Adding a table component/chart component is covered in one of our previous articles. Drag and drop the Table into the empty dashboard pane. Next, we will use a simple query that talks to the underlying database (PostgreSQL) and gets all of the tables with their schemas present excluding the information_schema and the system tables.

SELECT
  table_schema, table_name
FROM
  information_schema.tables
WHERE
  table_schema <> 'information_schema'
  AND table_name NOT LIKE 'pg_%'
ORDER BY
  table_schema,
  table_name;

Visualizing Row Counts of Tables in a Database Schema

Let's add a Chart component (similar to table) next to our table component which uses the below query:

SELECT
  relname as table_name,
  reltuples as rows
FROM
  pg_class C
  LEFT JOIN pg_namespace N ON (N.oid = C .relnamespace)
WHERE
  nspname NOT IN ('pg_catalog', 'information_schema')
  AND relkind = 'r'
ORDER BY
  reltuples DESC;

This query simply counts the records for all the tables in our databases. In the right pane, select table_name for X-Axis, and rows for Y-Axis.

Adding Images to an Arctype Dashboard

After adding the table and chart, let's add an image to our dashboard from the PostgreSQL website along with a text field for explanation. After adding all of the above steps, our dashboard will look like this:

At this point, you should have a decent feel for dashboards, so now, let's build a real health dashboard and see how it can help us visualize our database health.

Identifying Critical Areas in the PostgreSQL Database

PostgreSQL has a lot of areas upon which we can focus in order to understand the database's health. In the below sections, we will see a handful of them and demonstrate how you can use Arctype to visualize them.

Querying to Check PostgreSQL Open Connections

It is always a good idea to monitor how many open connections are currently present in our database cluster. We can get this from the pg_stat_activity table:

SELECT
  COUNT(*) as connections,
  backend_type
FROM
  pg_stat_activity
GROUP BY
  backend_type
ORDER BY
  connections DESC

Determining the Size of a PostgreSQL Database

As our database expands over time, it is important to keep the database size in check. We can get a list of databases and their respective sizes using the below query:

SELECT
  datname as database_name,
  pg_database_size(datname)/1024/1024 as size
FROM
  pg_database
WHERE
  datistemplate = false;

We could use the pg_size_pretty instead of calculating the MB directly, but we want to plot this as a bar chart to see and compare the sizes. Keeping tabs on individual database sizes helps us to get an overall picture.

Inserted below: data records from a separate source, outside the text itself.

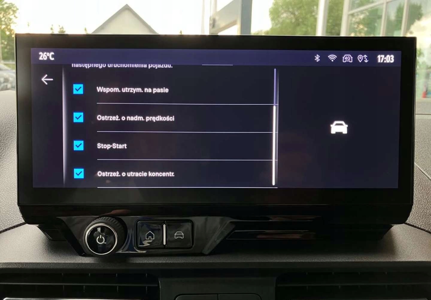 ABS, Czujnik deszczu, Czujnik zmierzchu, ESP (stabilizacja toru jazdy), Isofix, Kamera cofania, Kurtyny powietrzne, Poduszka powietrzna pasażera, Poduszki boczne przednie, Elektryczne szyby przednie, Elektryczne szyby tylne, Elektrycznie ustawiane lusterka, Podgrzewana kierownica, Podgrzewane lusterka boczne, Podgrzewane przednie siedzenia, Przyciemniane szyby, Tapicerka tekstylna, Wielofunkcyjna kierownica, Skórzana kierownica, Bluetooth, Gniazdo USB, Nawigacja GPS, Radio fabryczne, Alufelgi, Elektrochromatyczne lusterka boczne, Tempomat
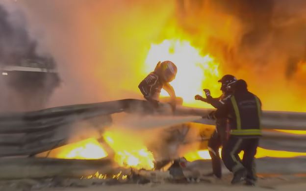No GP do Bahrein de 2020, logo na largada, Romain Grosjean, então piloto na Haas, se envolveu num acidente brutal após um toque com o carro de Daniil Kvyat.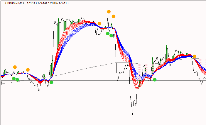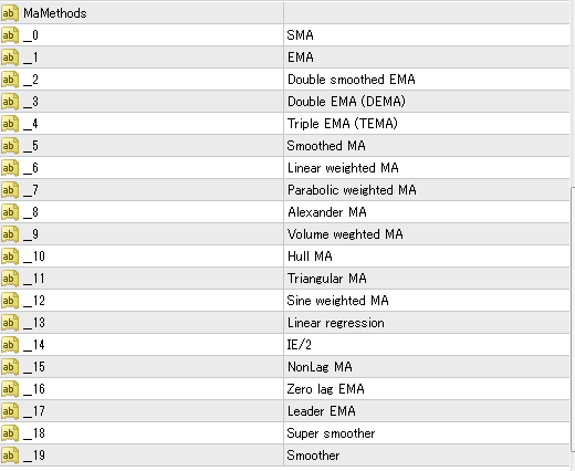 ぱっと見ではトレンド方向が変わると色の変わるインジですが、かなり多くの平均の計算方法が指定できる有能インジです。

Note: These sizes can vary from disk size since PostgreSQL does a lot of compression behind the scenes.

Calculating Database Cache-Hit Ratios in PostgreSQ

Any relational database/operational database serves most of its traffic from its cache. If that's not happening, we definitely need to look into it. The PostgreSQL cache area is known as shared_buffers, which acts as the database layer cache on top of the cache provided by the operating system. We can use the below query to understand the cache hit ratio:

SELECT
  sum(heap_blks_read) as reads,
  sum(heap_blks_hit) as hits,
  ROUND(
    sum(heap_blks_hit) / (sum(heap_blks_hit) + sum(heap_blks_read)),
    4
  ) as hit_ratio
FROM
  pg_statio_user_tables;

From the query plan blog, there are a couple of tuples that are coming from heap read and heap hits. The pg_statio_user_tables has the information regarding this. In the above query, we are simply getting the values of hits and reads (coming from the disk) and calculating the ratio rounded off to four digits. It is important to note that in a healthy production database, this ratio should come to around 97+ or close to it—97% of the hits are coming from the cache.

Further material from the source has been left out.